Comment ne pas constater que ce sac d’os et de boyaux ne me demande pas mon avis pour continuer à vivre. Mon cœur bat, mes poumons respirent, mon sang circule, mon estomac et mes intestins digèrent, mes cellules se régénèrent, mon cerveau crée des connexion neuronales sans que je leur ai demandé quoi que ce soit.

Je ne peux même pas décider d’arrêter cette machine infâme. Son mode automatique est « vivre ». Il faut se résoudre aux pires extrémités pour en finir avec elle, et avec l’existence.

Bien sûr, comme l’immense majorité de mes contemporains, qui arrachent avec un petit couteau la mousse entre les pavés du trottoir, je suis, avant d’être misanthrope, biophobe.

J’ai peur de la vie et du vivant.

J’ai peur de mon corps.

Et il y a de quoi ! Ce n’est pas la mort mais la vie qui est aveugle. Les vivants se dévorent entre eux. Virus, bactéries, champignons, parasites, prédateurs, accidents, vieillesse, maladie, catastrophes naturelles, autres humains, tout l’univers se ligue en permanence pour nous détruire.

L’adversité est omniprésente.

De la naissance à la mort, nous ne faisons que lutter pour maintenir, un bref instant, le fonctionnement de notre métabolisme.

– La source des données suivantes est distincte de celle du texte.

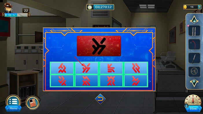 Here, we have another puzzle. If you pay attention to the symbols in front of you, you will notice that we already discovered these symbols when we deciphered the previous puzzle. So, our next task is to reorder and rotate the symbols to match the symbols on the hint.

Juste le temps de nous reproduire et de mener nos rejetons au stade de la reproduction.

Ensuite, rideau !

Nous tirons notre révérence et bientôt, nous sombrons dans l’oubli de la mémoire des hommes. Nés de la poussière, nous retournons à la poussière.

Être misanthrope c’est aussi profiter de certains plaisirs inavouables.

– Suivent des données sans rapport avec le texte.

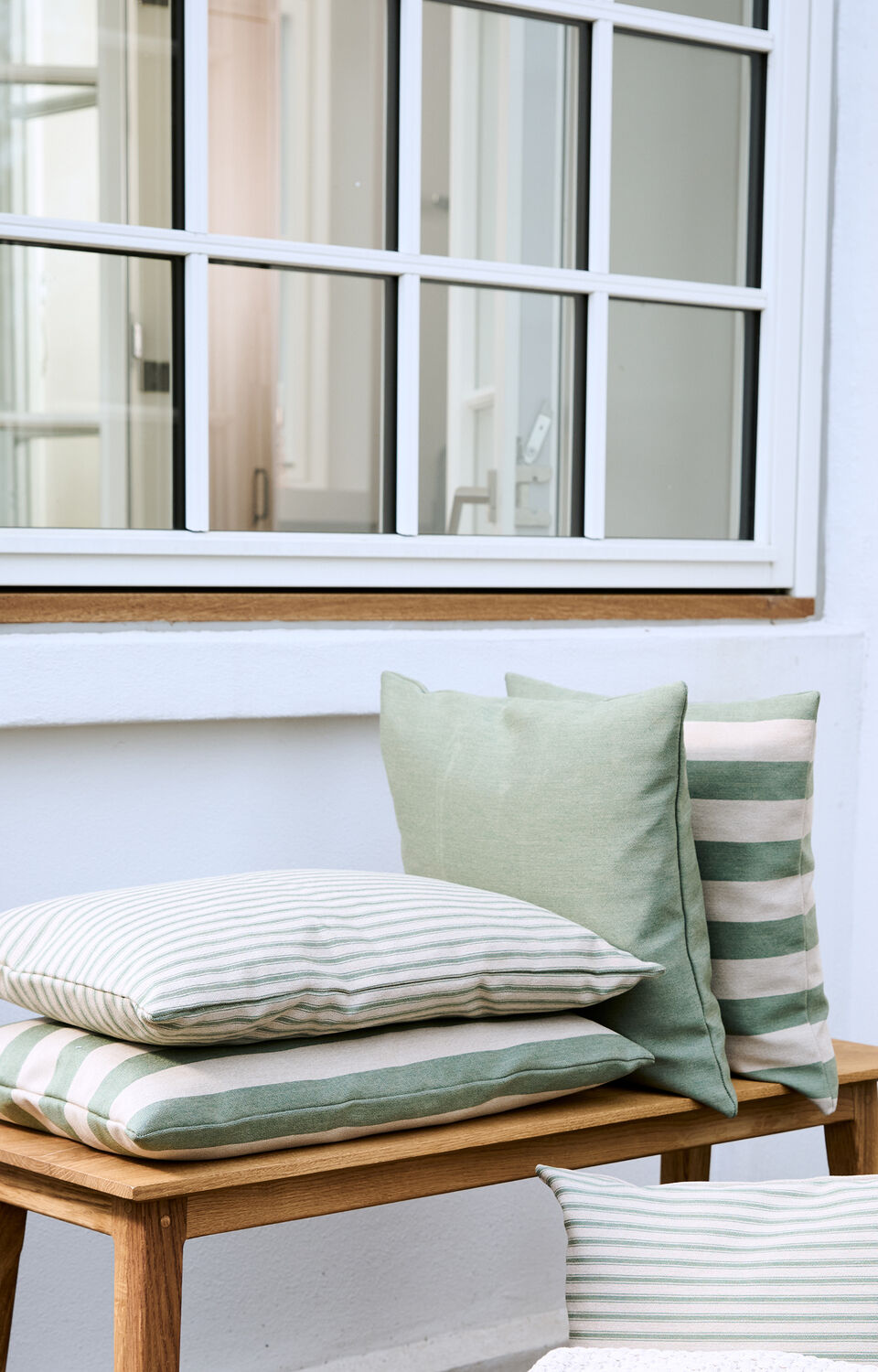 Trendy udendørspude med grønne striber. Match med puderne Outdoor Basic og Outdoor Stripe, og skab den skønneste oase i haven og på terrassen. Outdoor Fine Stripe er lavet i special stof, som er vandafvisende og tåler solens stråler. Perfekt og let at tage med, når du skal nyde en god dag på stranden.

C’est dire merci en pensant « pauvre conne ».

C’est faire un sourire en pensant « espèce de con ».

C’est regarder attentivement un con faire une connerie, avec un seau de pop corn comme au cinéma.

C’est ouvrir son journal en pensant « quelle connerie l’humanité a-t-elle imaginé aujourd’hui ? »

C’est être un prospectiviste prophétique en pronostiquant toujours le pire.

C’est s’enrichir en spéculant sur la bêtise et le mal.

C’est se rassurer dans ses calculs stratégiques en considérant que nos adversaires vont tenter de nous nuire, exactement comme nous l’avions prévu.

C’est constater sans surprise que tout ce qui pouvait mal se passer va mal se passer, que les humains vont continuer à se conduire en idiots, à s’entretuer, à tout détruire, à provoquer leur propre effondrement et, plus tôt que tard, finir par s’éteindre.
Être misanthrope procure de nombreuses joies interdites.

Enfin, le silence se fera.

Enfin, cette espèce malfaisante et répugnante, cette espèce invasive ne sera plus.

Enfin, les espèces dites « inférieures » pourront reprendre le cours paisible de leur existence, sur cette planète.

Enfin, la vie se redéployera dans l’allégresse, débarrassée de son pire parasite.

*


Au fond, à y bien réfléchir, je pense que vous tous qui n’êtes pas moi, êtes plus misanthropes que moi.

Jamais au grand jamais, si vous aimiez l’humanité, vous ne lui infligeriez votre personne, votre bêtise, votre lâcheté, votre malfaisance, votre société écocidaire.

Si vous aimiez l’humanité, vous seriez des milliards dehors à vous révolter, à emprisonner les tyrans, à dénoncer les exploiteurs, à éduquer les idiots, à démonter les routes et les immeubles, à faire exploser les puits de pétrole et les les mines de charbon, à désarmer les bombes nucléaires, les porte-avions et les chars, à renvoyer chez eux les politiciens et à crever les pneus de toutes les voitures.

Au fond, à y bien réfléchir, vu votre comportement, je pense que vous vous détestez et que vous haïssez l’humanité.

C’est vous qui êtes misanthropes. Pas moi.

Au fond, je me demande parfois si ma misanthropie n’est pas le plus haut témoignage de ma philanthropie.

Ce que je hais, ce n’est pas l’humanité, c’est vous, qui la souillez.

Mais je sais que je ne suis pas si différent de vous.

Alors comme je dois m’aimer, je vous aime quand même parfois.

Entre deux jours de rage.



Le Misanthrope, peinture de Pieter Brueghel l’Ancien, 1568.